TASK TO COMPLETE - Begin at the line containing "бутылка для воды" in the entries below and end at the line containing "Air mesh nylon"; transcribe that range exactly and nothing outside it.

DATA LISTING -
..........
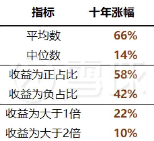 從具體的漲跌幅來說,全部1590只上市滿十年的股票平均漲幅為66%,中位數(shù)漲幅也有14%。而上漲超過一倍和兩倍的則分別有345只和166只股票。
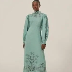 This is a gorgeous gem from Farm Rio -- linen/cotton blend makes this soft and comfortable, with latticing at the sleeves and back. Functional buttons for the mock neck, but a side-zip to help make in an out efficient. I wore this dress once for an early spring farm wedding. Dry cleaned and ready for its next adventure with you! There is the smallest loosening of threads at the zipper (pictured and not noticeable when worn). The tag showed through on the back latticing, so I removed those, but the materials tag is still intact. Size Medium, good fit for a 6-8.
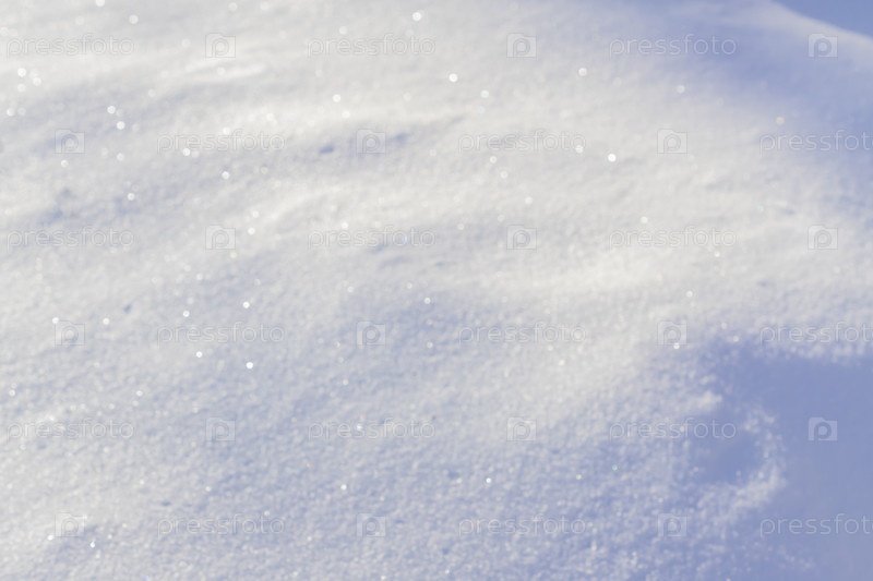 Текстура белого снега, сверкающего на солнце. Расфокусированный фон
..........
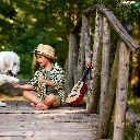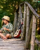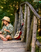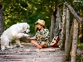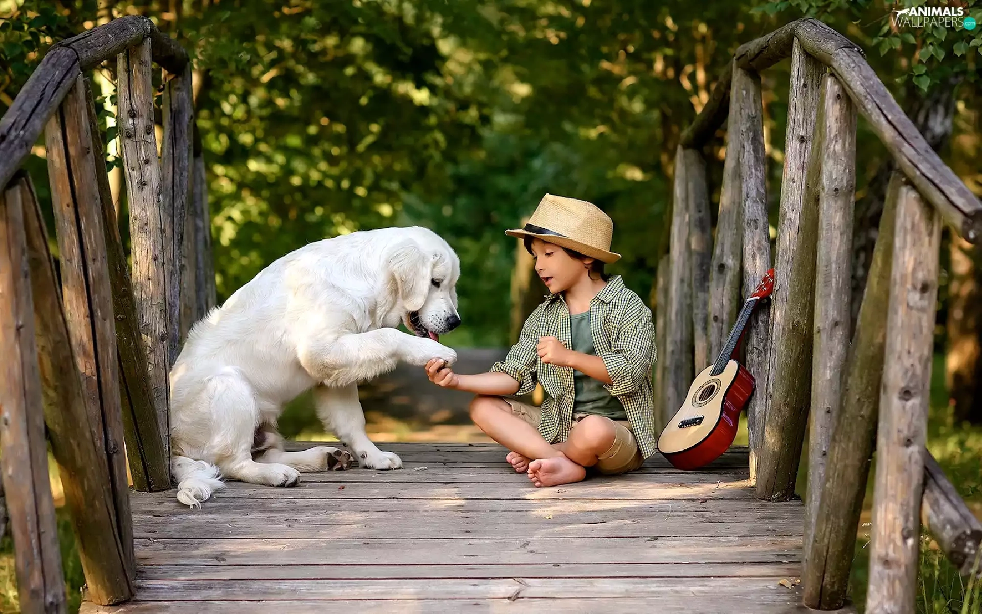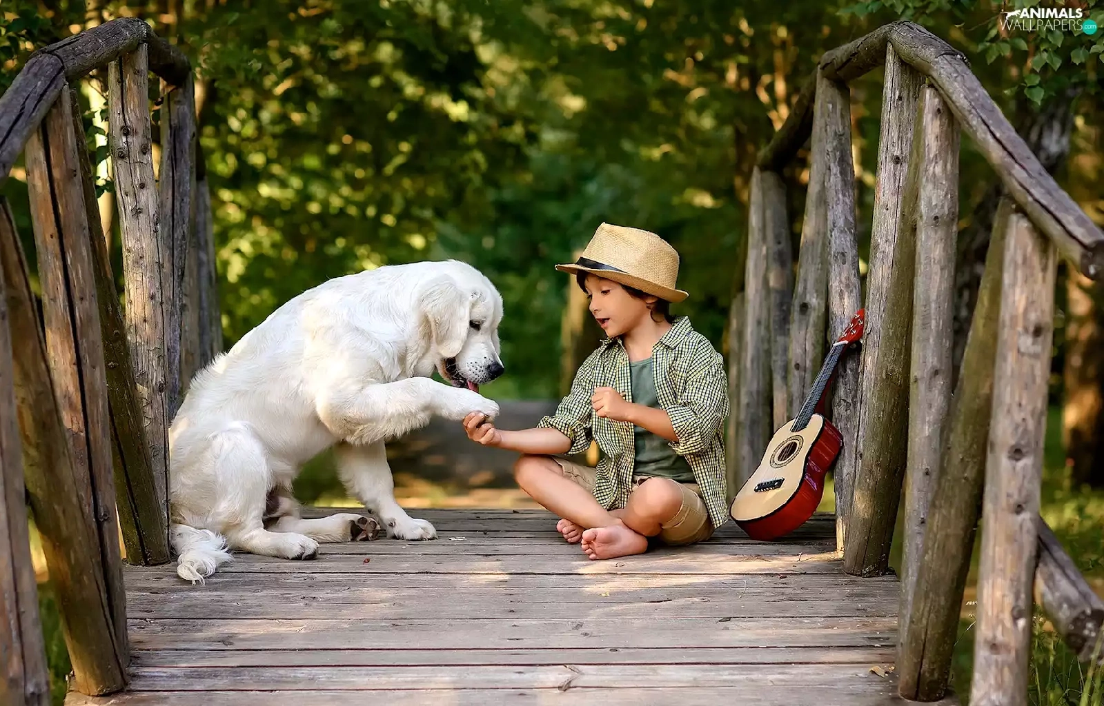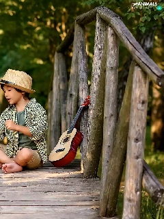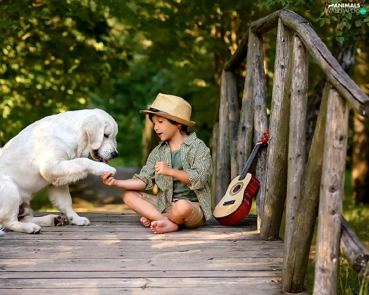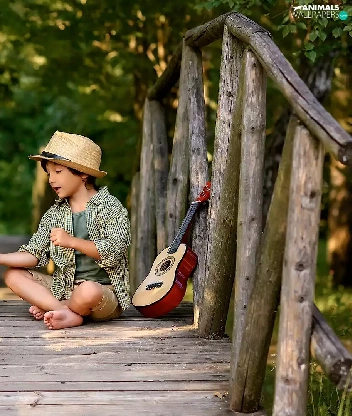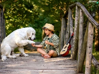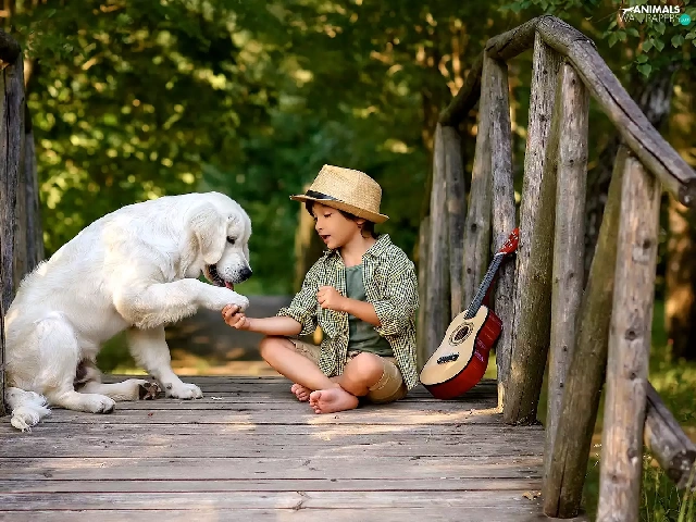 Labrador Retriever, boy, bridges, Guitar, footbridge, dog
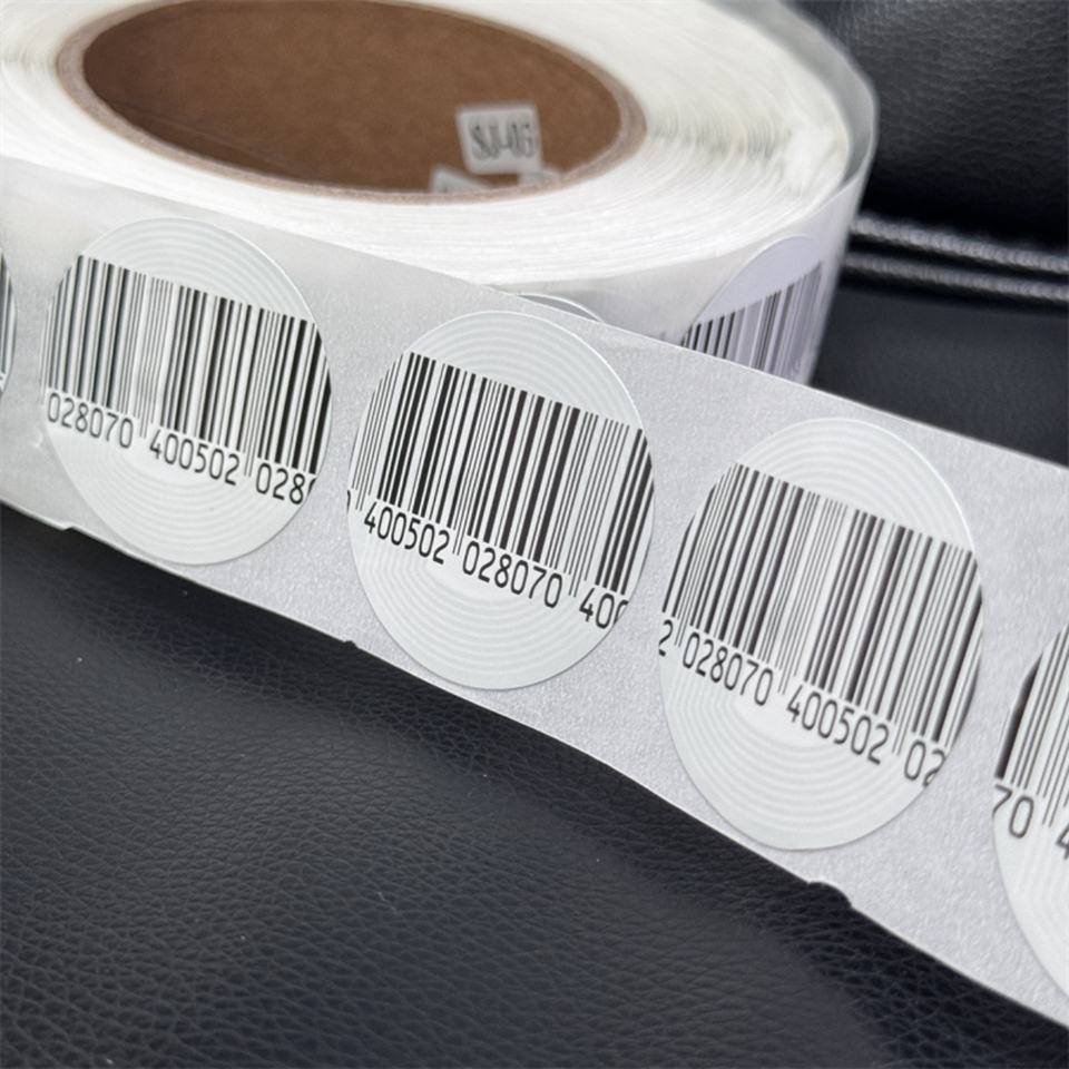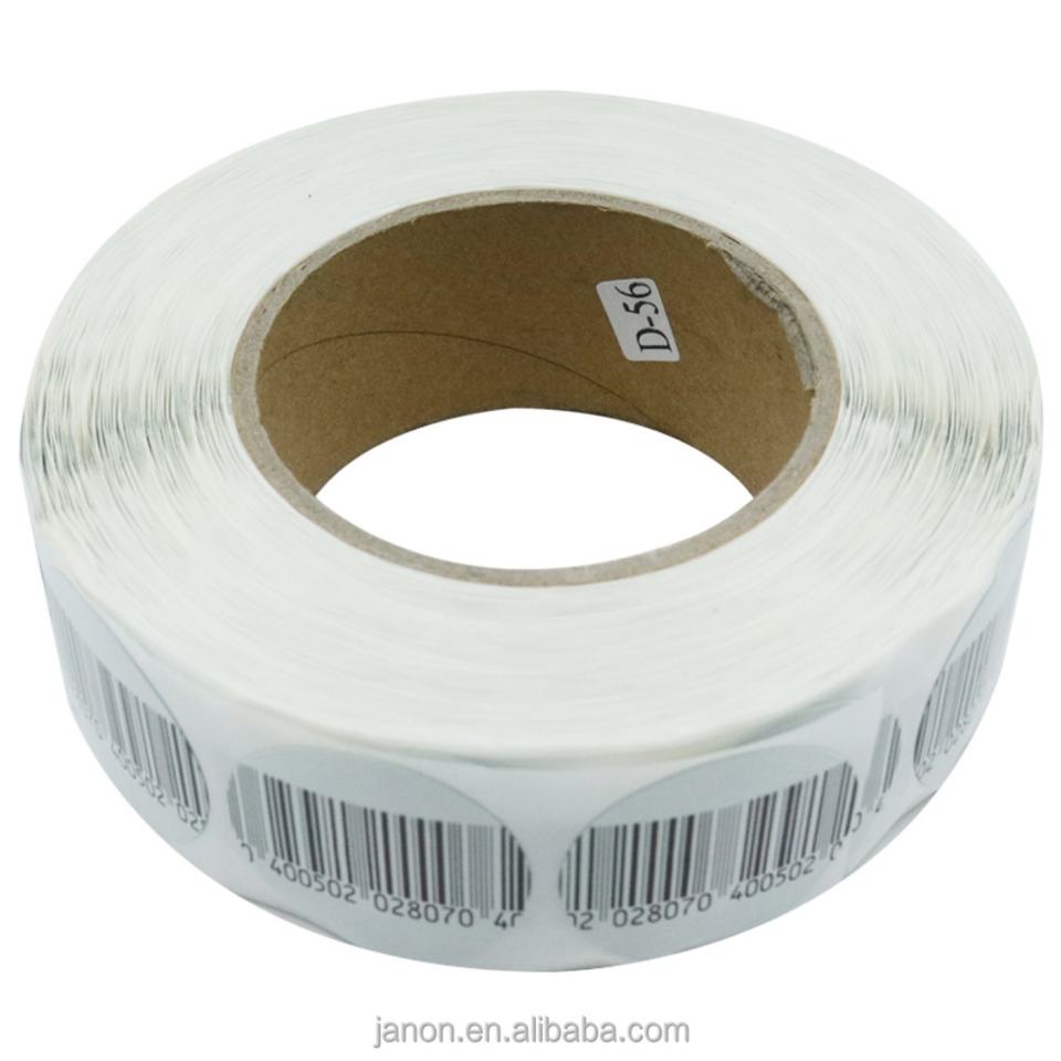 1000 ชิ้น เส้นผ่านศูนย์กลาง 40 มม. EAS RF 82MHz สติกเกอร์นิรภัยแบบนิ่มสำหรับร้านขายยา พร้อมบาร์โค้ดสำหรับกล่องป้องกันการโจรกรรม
..........
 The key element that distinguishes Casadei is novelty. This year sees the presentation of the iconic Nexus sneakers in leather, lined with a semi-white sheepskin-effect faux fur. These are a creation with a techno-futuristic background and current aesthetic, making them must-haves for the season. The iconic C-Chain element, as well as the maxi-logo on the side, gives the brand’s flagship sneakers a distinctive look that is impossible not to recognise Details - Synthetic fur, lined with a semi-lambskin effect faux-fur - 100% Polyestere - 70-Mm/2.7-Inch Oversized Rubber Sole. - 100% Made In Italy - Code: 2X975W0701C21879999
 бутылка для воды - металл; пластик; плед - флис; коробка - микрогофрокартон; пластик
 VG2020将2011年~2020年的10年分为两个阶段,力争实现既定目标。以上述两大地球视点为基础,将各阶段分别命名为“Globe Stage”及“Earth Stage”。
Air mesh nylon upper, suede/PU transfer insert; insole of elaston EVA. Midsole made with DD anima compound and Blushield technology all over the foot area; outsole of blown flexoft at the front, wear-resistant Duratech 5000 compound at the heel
..........
FINAL ANSWER -
 бутылка для воды - металл; пластик; плед - флис; коробка - микрогофрокартон; пластик
 VG2020将2011年~2020年的10年分为两个阶段,力争实现既定目标。以上述两大地球视点为基础,将各阶段分别命名为“Globe Stage”及“Earth Stage”。
Air mesh nylon upper, suede/PU transfer insert; insole of elaston EVA. Midsole made with DD anima compound and Blushield technology all over the foot area; outsole of blown flexoft at the front, wear-resistant Duratech 5000 compound at the heel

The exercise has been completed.